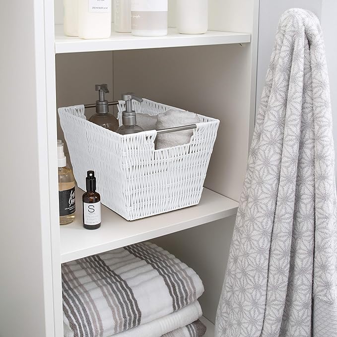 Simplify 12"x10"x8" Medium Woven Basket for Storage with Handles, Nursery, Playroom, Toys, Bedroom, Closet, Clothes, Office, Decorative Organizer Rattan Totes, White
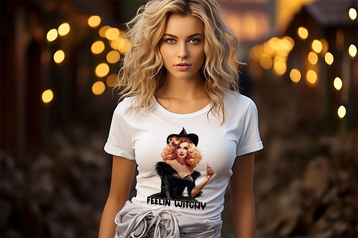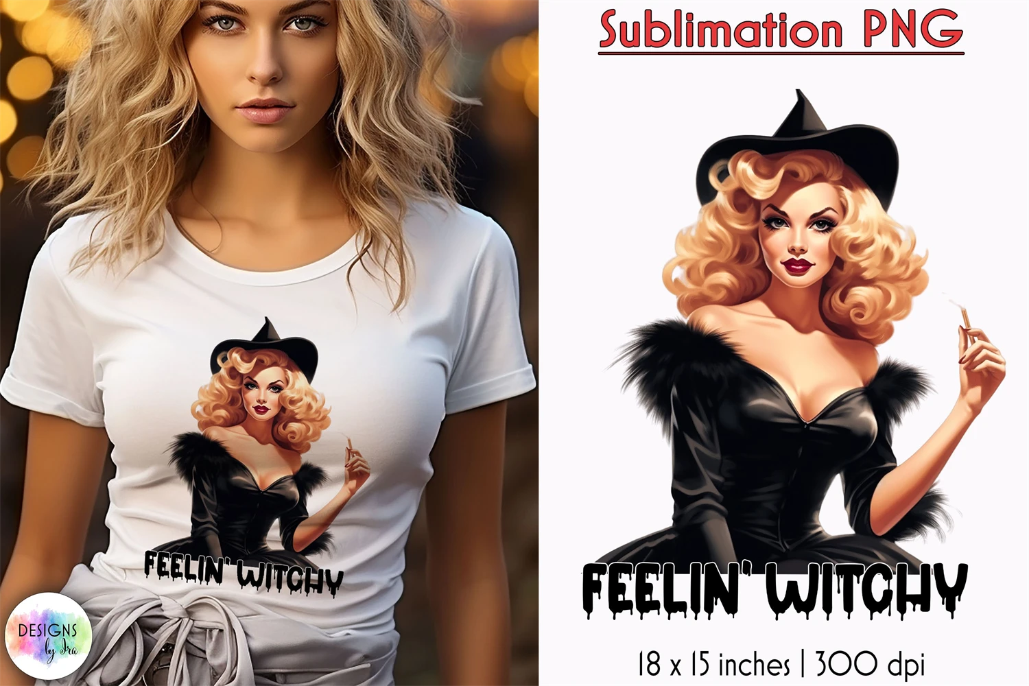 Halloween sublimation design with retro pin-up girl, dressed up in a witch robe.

--

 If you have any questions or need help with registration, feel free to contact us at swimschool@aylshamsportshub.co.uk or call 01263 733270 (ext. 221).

### EXERCISE PROMPT
In the entries above, which lines run from the one with "Rattan Totes, White" up to and including the one with "Halloween sublimation design"? Write them out exactly, without the pictures.

### SOLUTION
 Simplify 12"x10"x8" Medium Woven Basket for Storage with Handles, Nursery, Playroom, Toys, Bedroom, Closet, Clothes, Office, Decorative Organizer Rattan Totes, White
 Halloween sublimation design with retro pin-up girl, dressed up in a witch robe.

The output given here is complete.